Myślę że można też prowadzić ranking nacji, zrobić mini-mapkę Neveendaru, zaznaczyć ile % ziemi ma każda frakcja, jakieś punkty strategiczne w władaniu konkretnych osób, i np. co turniej przeprowadzać walki kończące się potyczką w punkcie przegrywającej nacji (czyli z finałowym graczem który ma najmniej punktów) ułatwiając mu obronę stolicy ale również dając do pokonania przeciwnika z dosyć ułatwionym startem....
(kończąc to gdy wszystkie rasy zostaną podbite przez jedną, podbici zaś musieliby związać unię z inną nacją bądź grać jako neutralni w następnych mini-turniejach)
Tak, nagle mam napad oświeceń, spokojnie, przejdzie mi, nie musicie się bać.
_________________
Cytat:
Every theory of love, from Plato down, teaches that each individual loves in the other sex what he lacks in himself.
G. Stanley Hall
Napad oświeceń miałby jakikolwiek sens gdyby turnieje nie były zawsze rozgrywane w taki sposób, że w którymś momencie zaczynają się ludzie wycofywać i wszystko się sypie ;] a potem to już ciężko obiektywnie rozstrzygnąć wszystko.
Napad oświeceń miałby jakikolwiek sens gdyby turnieje nie były zawsze rozgrywane w taki sposób, że w którymś momencie zaczynają się ludzie wycofywać
Kara za opuszczenie granic - strata X% terenu < od 10%
Czyli ucieczka jednej osoby skończyłaby się stratą dla wszystkich członków grupy. Odpowiedzialność może doprowadziłaby niektórych do sumienności.
_________________
Cytat:
Every theory of love, from Plato down, teaches that each individual loves in the other sex what he lacks in himself.
G. Stanley Hall
ktoś doprowadzony do szału mógłby postawić osobę drugą do pionu, z racji że gra jest w pełni dobrowolna.
I mówiłem, nie przejmuj się, przejdzie mi.
Swoją drogą, notorycznych uciekinierów można w końcu banować w turniejach.

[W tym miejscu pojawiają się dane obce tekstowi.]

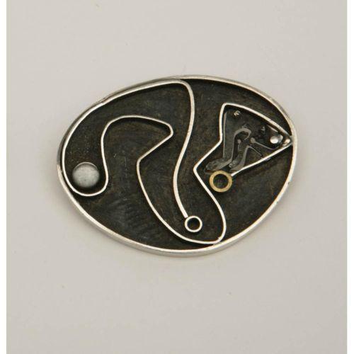 Artist Name: Peter Macchiarini<BR>Manufacturer: <BR>Description: Brooch<BR>Circa: Executed circa 1960<BR>Medium: Sterling, copper and ebony<BR>Signature: <BR>Measurements: <BR>Edition: <BR>Notes: <BR>Literature / Provenance: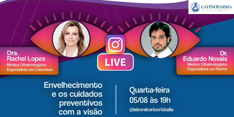 <p><img src="https://www.cristalia.com.br/arquivos/18e3689db54a6c6817fa6e79aaa75d7e.jpg" style="width: 800px;"><span style="color: rgb(105, 105, 105); font-family: Verdana; text-align: justify;"><br></span></p><p style="text-align: center; "><span style="color: rgb(105, 105, 105); font-family: Verdana; text-align: justify;"><br></span></p><p><span style="color: rgb(105, 105, 105); font-family: Verdana; text-align: justify;">Nós temos um convite pra você!</span><br style="box-sizing: inherit; color: rgb(105, 105, 105); font-family: Verdana; text-align: justify;"><br style="box-sizing: inherit; color: rgb(105, 105, 105); font-family: Verdana; text-align: justify;"><span style="color: rgb(105, 105, 105); font-family: Verdana; text-align: justify;">No próximo dia 05 de agosto, quarta-feira, às 19h, teremos uma live com os médicos oftalmologistas dra. Rachel Lopes, especialista em catarata, e o dr. Eduardo Novais, especialista em retina.</span><br style="box-sizing: inherit; color: rgb(105, 105, 105); font-family: Verdana; text-align: justify;"><br style="box-sizing: inherit; color: rgb(105, 105, 105); font-family: Verdana; text-align: justify;"><span style="color: rgb(105, 105, 105); font-family: Verdana; text-align: justify;">Durante o papo, os profissionais vão falar sobre o Envelhecimento e os cuidados preventivos com a visão. O encontro é no Instagram @laboratoriocristalia.</span><br style="box-sizing: inherit; color: rgb(105, 105, 105); font-family: Verdana; text-align: justify;"><br style="box-sizing: inherit; color: rgb(105, 105, 105); font-family: Verdana; text-align: justify;"><span style="color: rgb(105, 105, 105); font-family: Verdana; text-align: justify;">Participe, mande sua pergunta, envie seu comentário durante a live.</span><br style="box-sizing: inherit; color: rgb(105, 105, 105); font-family: Verdana; text-align: justify;"><br style="box-sizing: inherit; color: rgb(105, 105, 105); font-family: Verdana; text-align: justify;"><span style="color: rgb(105, 105, 105); font-family: Verdana; text-align: justify;">O evento é uma realização da Comunicação Interna e Divisão Latinofarma.</span><br style="box-sizing: inherit; color: rgb(105, 105, 105); font-family: Verdana; text-align: justify;">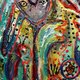 作品以玻璃为基底,融合了彩绘玻璃效果与富有表现力的油画层次,创造出晶莹剔透的色彩深度与触感丰富的表面对比。粗犷的轮廓线、半透明的色彩过渡以及纹理丰富的颜料应用与光线交互,增强了作品的视觉强度与象征意涵。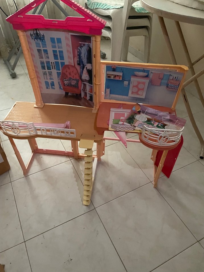 Pembe pastel renkli oyuncak ev seti, detaylı iç mekan baskıları ve balkonlarıyla hayal gücünü destekler.eşyaları yok

No i gdyby dać deadline do rozegrania walk (kończąc walki remisami/walkowerem dla obu graczy jeżeli jakaś z stron się nie pojawi przez te np. pół miesiąca) przyśpieszyłaby czekanie na owych "niewidzialnych w komunikatorze".
_________________
Cytat:
Every theory of love, from Plato down, teaches that each individual loves in the other sex what he lacks in himself.
G. Stanley Hall
Jeśli już mowa o tych tak zwanych uciekinierach. Ja bym to zrobił w ten sposób. Do sugerowanej przez Reya gry (rankingi, minimapka itp.) dopuszczamy tylko osoby sprawdzone np. Vogel, Vozu, Nagash, Athelle ja z reszta też - osoby te są stałymi użytkownikami na forum i nie znikają na pół roku. Pozostałym na razie zostały by czysto towarzyskie rozgrywki z niektórymi chętnymi osobami. Może to brutalne rozwiązanie, ale propozycja Reya jest na tyle dobra, że szkoda było by to tak ot puścić w zapomnienie.

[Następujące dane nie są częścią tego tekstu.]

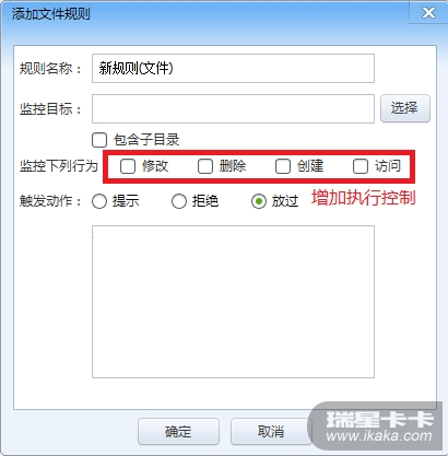 建议在内核加固用户文件规则自定义中,不要只提供“访问”“新建”“删除”“修改”这四个动作进行监控,应该在用户文件规则中加一个拦截项目“执行”,这样就避免了用户选择拦截“访问”后提示过多的问题,相当于应用程序执行控制。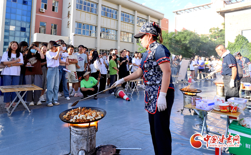 近日,甘肅省張掖市山丹縣“特色小吃進(jìn)高校”活動(dòng)在河西學(xué)院火熱進(jìn)行,“山丹炒撥拉”名小吃的廚師們?yōu)閹熒鷤冎谱髅朗车耐瑫r(shí)還教授炒撥拉制作技藝,讓學(xué)子們?cè)谠谄肺睹朗车耐瑫r(shí)領(lǐng)略了飲食文化的博大精深。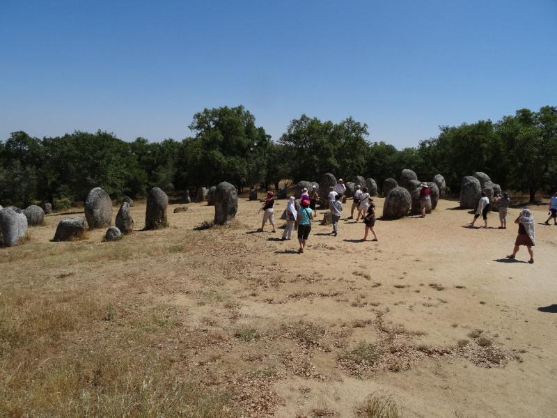 5.6. petek. Iz grobega granitnega višavja smo se spustili v rodovitne valovite ravnice pokrajine Alentejo (na drugi strani reke Tejo). Objela nas je mehkoba pokrajine in nepreglednost nasadov hrastov plutovcev. Potem nas je navdušila Evora (UNESCO), pravo zlitje vsega portugalskega. Tu v sožitju bivajo rimski, mavrski in srednjeveški ostanki skupaj z živahno sedanjostjo. Ogledali smo si bizarno frančiškansko kostnico, rimski tempelj in ostale znamenitosti mesta, z množico cerkva in palač. Še posebej je bilo zanimivo prosto raziskovanje mestnih uličic. Nato smo se zbrali pri mestni areni in se odpeljali do največjih megalitskih ostankov na Iberskem polotoku, menhirjev, ki so skriti med bujnimi plutovci. Tu je vsak po svoje lahko vsrkal energijo nekdanjih svetišč. Vožnjo smo nadaljevali vse do skrajnega juga Portugalske, v pokrajino Algarve, kjer smo se za dva dni ustavili v obmorskem mestu Faro. Zvečer smo si v lokalni restavraciji Centenario privoščili portugalsko večerjo, ob petju fada. Helena Silva je zapela nekaj ne preveč otožnih pesmi, sledilo ji je še nekaj lokalnih pevk in pevcev. Zanimivo srečanje z značilnim »saudade« petjem.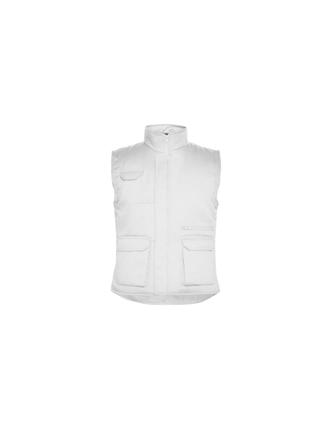 Chaleco laboral multibolsillos con cuello alto. · Cremallera central con trabilla y velcro. · Un bolsillo exterior para móvil en lado derecho. · Dos bolsillos frontales con fuelle y aberturas laterales. · Dos depósitos para bolígrafos. · Un bolsillo interior con velcro. · Bolsillo cremallera. · Bolsillo interior con velcro. · Bajo posterior con faldón. · Ajustador con cierre automático.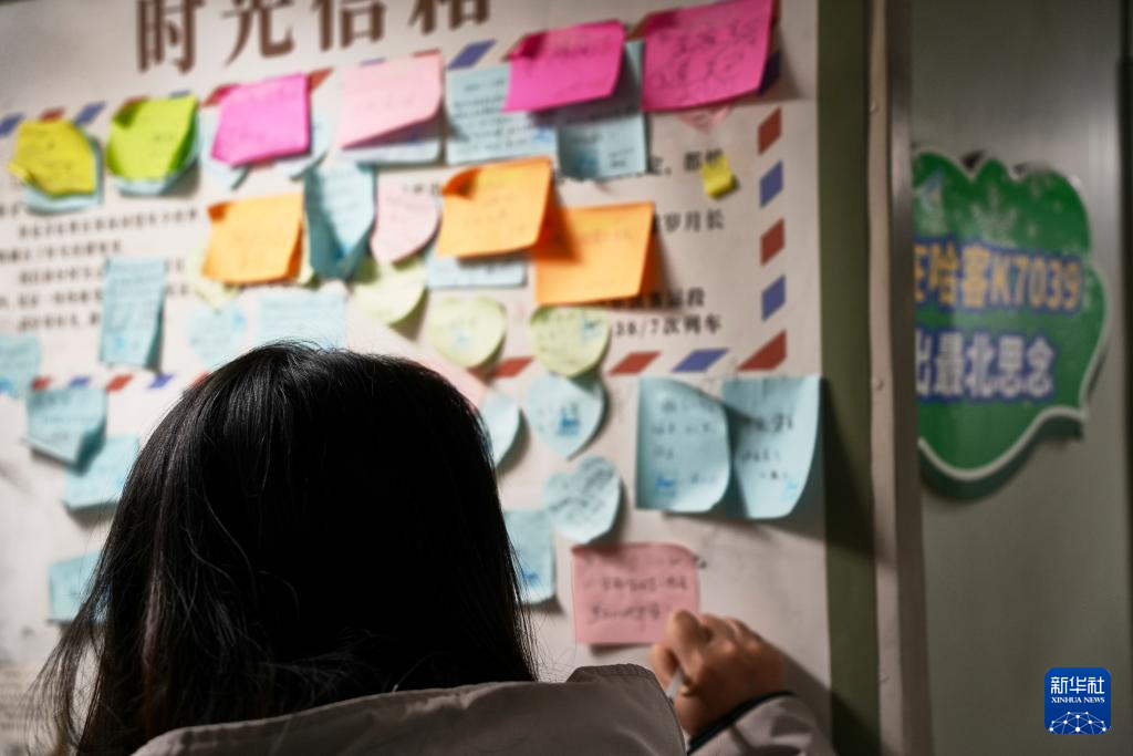 1月26日晚,在哈爾濱開往漠河的“雪國列車”上,游客在時光信箱上寫下愿望。新華社記者 王祚 攝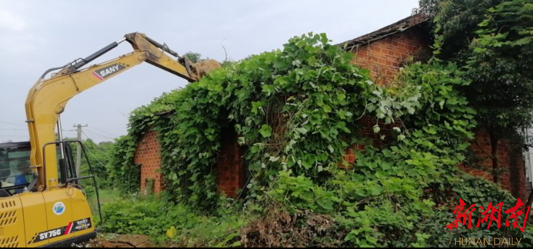 6月23日,雨后初晴。一大早,荣湾湖村村民邹大量就指挥着挖掘机,拆除自家闲置的空心房。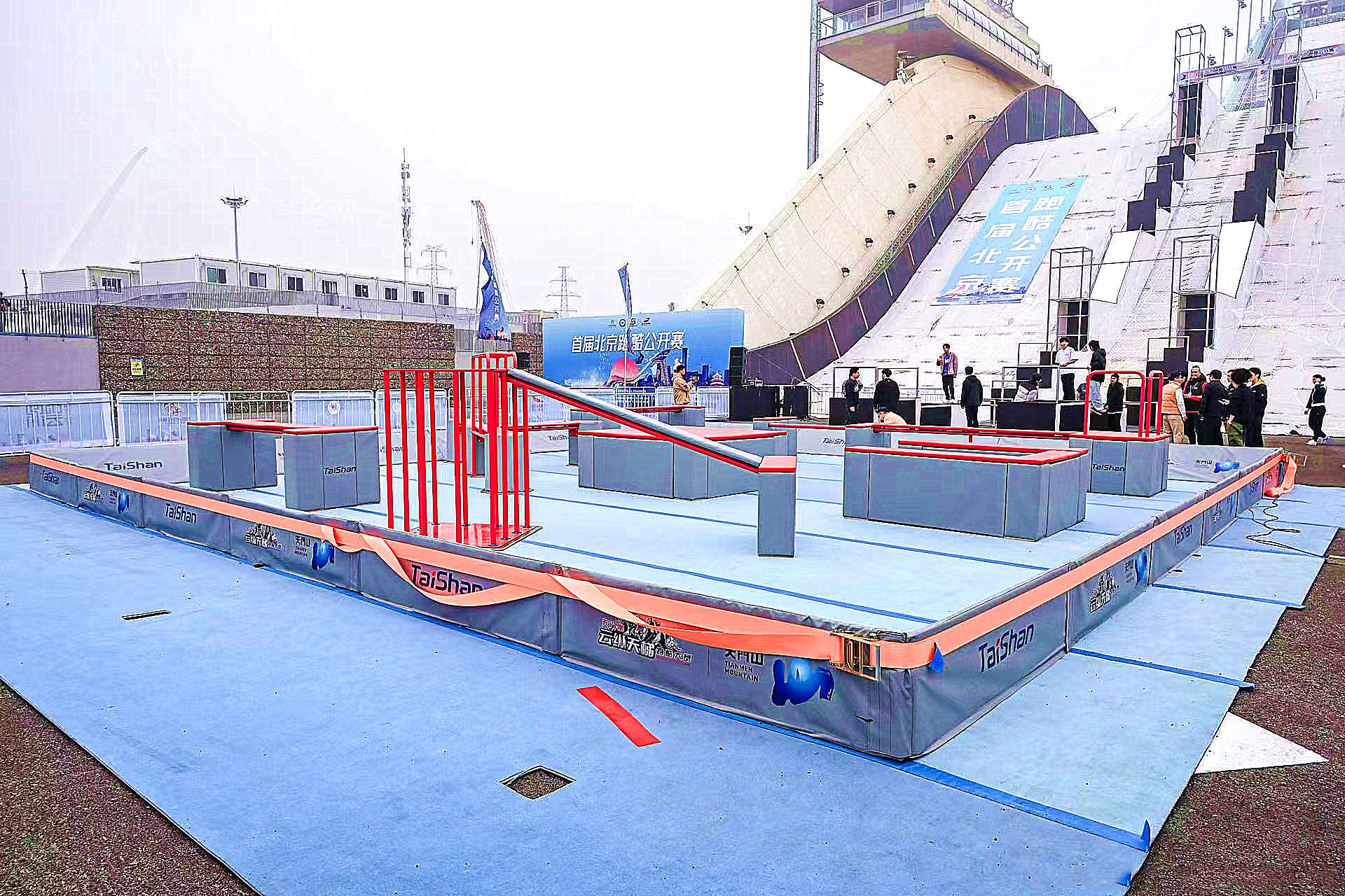 比赛以大跳台及其落地区域为赛场,搭建形成多组颜色鲜艳、各具特点的跑酷赛场。其中大跳台跑酷竞速赛道最为亮眼,赛道在大跳台本体上搭建而成,由大跳箱、滑梯、单杠、速降杆等大型专业跑酷道具组成,为目前全球最陡上升赛道,这对世俱杯体育安装团队和跑酷器材场地适用性,又是一次严苛检验。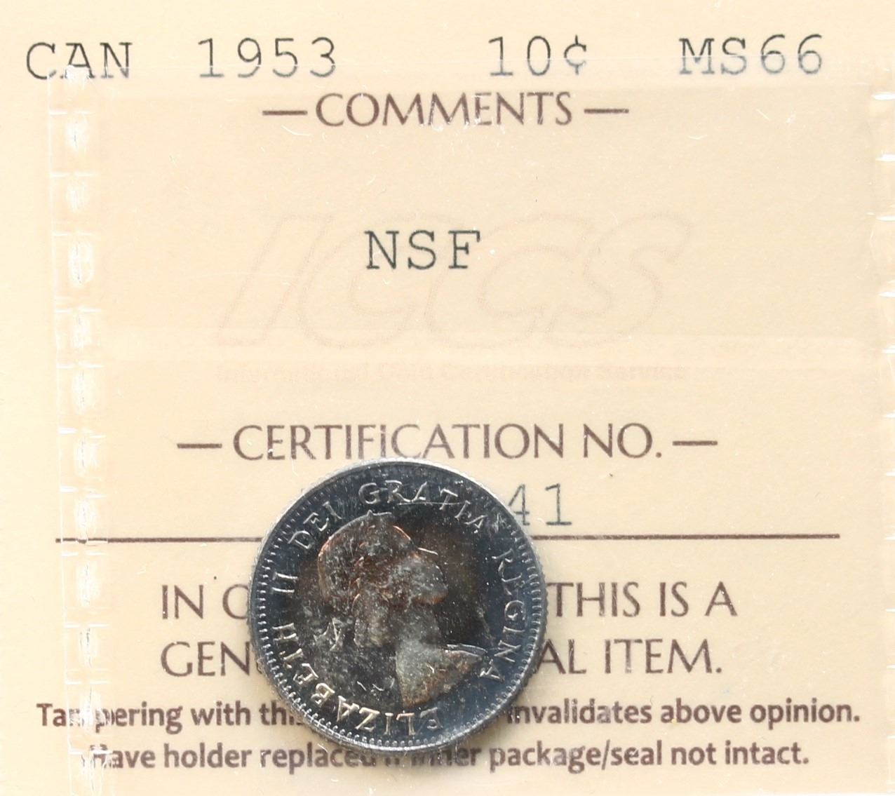 1953 10¢ "NSF" ICCS Superb Gem Mint State-66

No ja bym to w ten sposób zrobił. Po za tym jakiś kontakt z osobami uczestniczącymi by się przydał gg, email, jak ktoś będzie na tyle uprzejmy poda numer komórki czy coś, przydało by się skype albo TS. Tak to robiliśmy w World of Warcraft, była polska gildia i mieliśmy ze sobą stały kontakt – kogoś nie ma wysyła sms’a albo wiadomość na gg i już wszystko wiadomo. Nie robiliśmy masówki bo wiadomo, że to może skończyć się równie szybko jak się zaczęło.
I to jest problem, takie rozgrywki wymagałyby stworzenia kilku kilkunastu map a z tym zawsze jest problem. Sam myślałem o tego typu rozegraniu Wojen Rasowych ale po wzięciu poprawek na idące za tym komplikacje dałem sobie spokój.
Cethu miał gdzieś dużą mapę Nevendaaru rozrysowaną, gdyby to dał i ustaliło się, gdzie jakie lokacje i typy terenu należy rozmieścić, to mógłbym ją zrobić na coś w stylu tej mojej mapki Edenu.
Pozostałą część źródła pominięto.